Setting that aside for a moment, I don’t know how one could go wrong with Entity Framework as a starting point for getting away from the standard repertoire (or jungle) of hundreds or even thousands of stored procedures, views, user-defined scalar and table-valued functions, all called from (usually) hand-coded DAL abstraction layers or form-classes in ASP.NET, WinForms, etc. It’s typically quite a bit to manage on it’s own, and change-analysis on a database server is usually a very time-consuming and tedious undertaking, with or without the benefit of script source-control. Entity Framework makes data-persistence much more manageable for everyone.

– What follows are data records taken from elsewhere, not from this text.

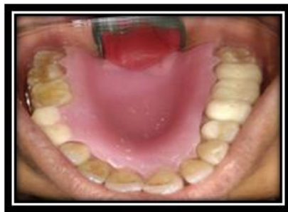
Fig 7 : Green stick compound is added to generate palatal lift

The oral portion of the appliance with loop is tried in and adjusted as necessary to ensure complete seating. Modeling compound is applied to the loop, shaped, flamed to create a smooth surface and then chilled before placing it into the mouth. If softened compound is placed in the mouth, the soft palate will displace it downward and the lift action will not occur. Displacement of the soft palate is the primary goal of the procedure and can be accomplished with hardened compound only. Small additions of green stick compound is made posteriorly until the soft palate is brought into light contact with posterior pharyngeal walls (Fig 7). Following each addition, the patient is asked to breathe through nose. Following lift generation session, the lift portion of the appliance is replicated in acrylic resin (Fig 8)
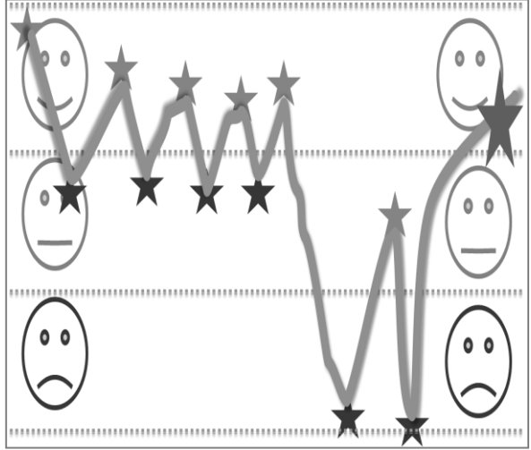
Figure 1: Sample of a River of Life

Each question is fortified with probes necessary and channelizing questions. The sixty minute session is divided into five un-equal sections of time giving more importance (time) to the present and the future. The therapist takes a supportive stance when talking about the negative experiences and facilitates ventilation. While talking about the positive experiences, the therapist gathers a more encouraging stance and facilitates enthusiasm.
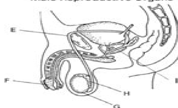
Male Reproductive Organs
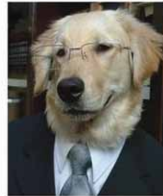
FIDO BONA ESQ Pawfirm Owner

Did your human break a treat in half and try to pass it off as a whole treat?
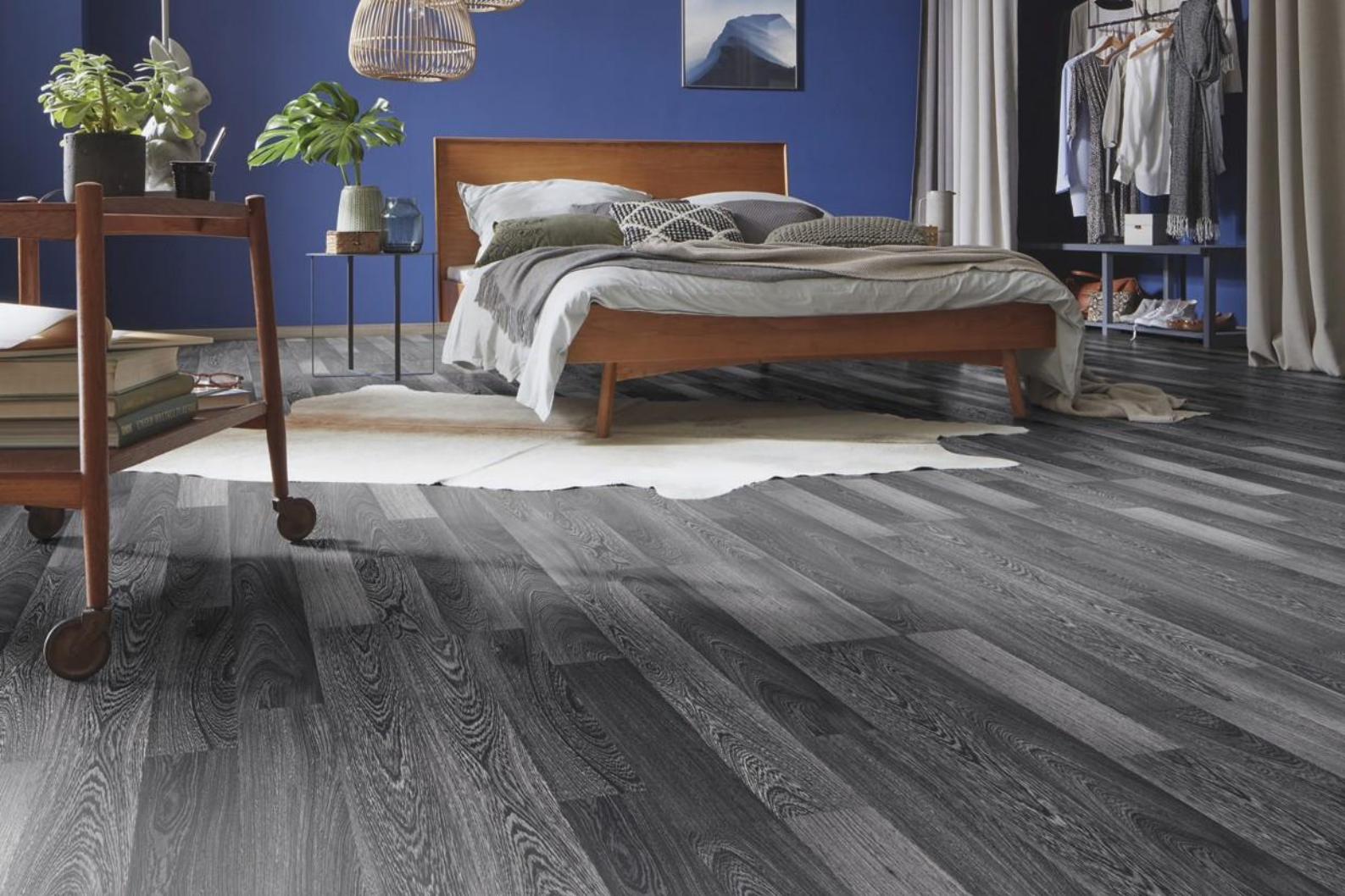
Black and White – D2955
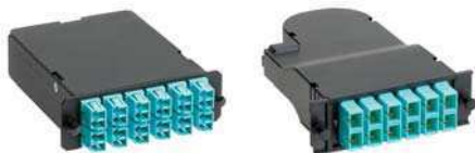
FC^ - 24-10Y
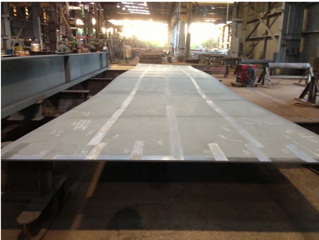
Arch Segment EA12 bottom flange plate.
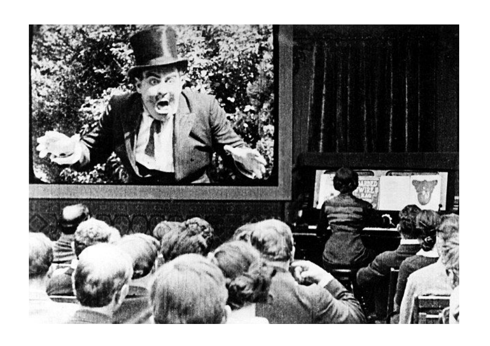
Sound in the silent film era

Screenings were often accompanied by music, mostly played live, but also recorded on disc, and sometimes even by sound effects, by narrators' voices that commented on certain scenes and sometimes improvised characters' voices.
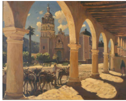
Title: The Arches of Alamos Mexico Primary Maker: Fremont F. Ellis Medium: oil on canvas
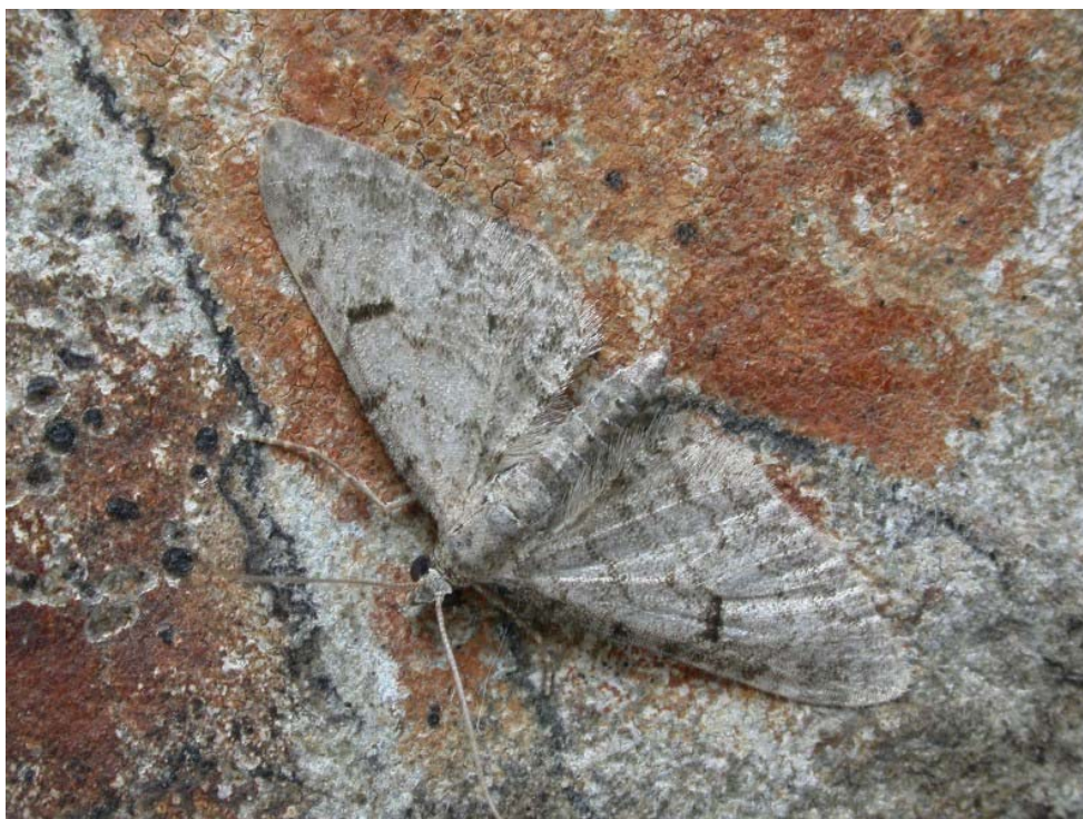
THYME PUG Eupithecia distinctaria constrictata

Still an uncommon species in the county, due to the scarcity of traveller's-joy Clematis vitalba .
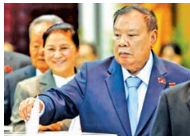
Laos' Vice President Bounnhang Vorachit casts his ballot during the Communist Party Congress in Vientiane on 21 January 2016.

Laos has close political ties to communist Vietnam and mirrors its political system.

Industry was slow to adopt the Entity Framework due to performance bugs in the first versions. As as a result, Microsoft was forced to update it quickly, moving from v1 to v4 in fairly short order. By the time the framework had evolved to version 4, industry adoption rates picked up pace and a few performance kinks were worked out. As of early 2017, version 6 has been out for a while, and adoption is even better, for those enterprises that understand the benefit of adoption, and have the time and resources to implement it.
- One queries strongly-typed domain entities like: Customer, Order, LineItem, TimePeriod, etc.
- It completely replaces a typical DAL layer.
- If any, the learning curve of using the many flavors of LINQ.
I have a very high regard for the Entity Framework 4 and higher (current iteration is 6) and look forward to using it in any client project where I can.
Here’s a link to a great article I read recently that summarized in a concise package things not to do when using SQL Server as a data-persistence solution, which is almost more important than what to do.
Note: SQL cursors especially – please never use cursors of any flavor in your stored procedures. There is almost always a better set-based method to accomplish your end goal.
As it’s not mentioned in the following article, I will add that not making use of SQL Server metadata is a mistake I see very frequently. What is metadata? It’s data that describes other data or data structures. It’s particularly easy to implement with SQL Server once you know what to do and how to use it. There is probably no easier way to document a database for all users or stakeholders involved than to implement/update SQL Server metadata, and there are no good reasons not to utilize it. It’s easy and freely available – just waiting to be used. I have a set of stored procedures developed that make the process absolutely painless for keeping SQL Server database metadata updated at the table, column, view, and function/param levels (all the places that really count!), and across all environments (production, pilot, test).